I’ve noticed a new phenomena on the news websites I read most: the most blogged/most read/most e-mailed list. The most read list means almost nothing to me. After all, the longer the CNN.com editors leave the story about Muslims burning the Pope’s likeness, the more people read it. Plus, the better the photo, the more likely I am to read a story.
On the other hand, it’s fascinating to watch the most-blogged list when compared to the most-e-mailed list. At the New York Times, they almost never include the same stories. I’ve even posted an image of the site, snapped right before I started writing this. There’s not one crossover story. (And, I’m making this easy for you to see if you take the time to click on the preceding the link.)
I think it’s fair to think this way: the things people take the time to e-mail to their friends are the things that matter to them. The things people take the time to blog are the things that matter to them. Using the transitive property, I come to the conclusion that bloggers and the rest of the world don’t care about the same things.
Here are the five diggbait reasons I believe this to be the case:
- Bloggers are political wonks; the rest of the world isn’t.

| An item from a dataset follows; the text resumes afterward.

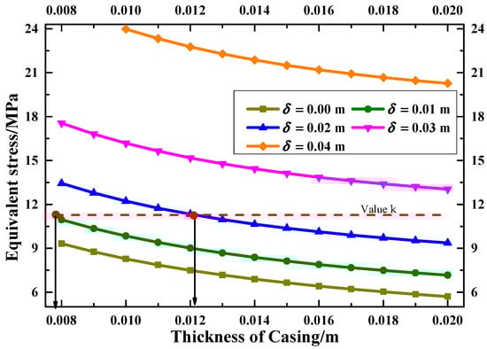 The thickness of the casing string may affect casing resistance against collapse and debonding. We assume that casing thickness can range from 0.008 m to 0.02 m, here. The inside diameter of the casing is set as 0.116 m and the average thickness of the cement sheath is set as 0.065 m. The crustal stress is 35 MPa and the wellbore pressure is 75 MPa. The eccentricity is assumed to be 0.00 m, 0.01 m, 0.02 m, 0.03 m, 0.04 m. Other parameters of the casing, cement and formation are shown in Table 2. The variations of equivalent stress with the casing thickness are shown in Figure 13.

- Bloggers spend too much time complaining about the same thing; the real world is ready to move on already.
- Bloggers really like talking about the things their friends are talking about; the real world is tired of those cocktail parties.
- Bloggers really to talk about controversies; the real world wants to talk about things that actually effect them.
- Bloggers already already got into Princeton; the real world has sex and thus has to worry about getting their kids into Princeton.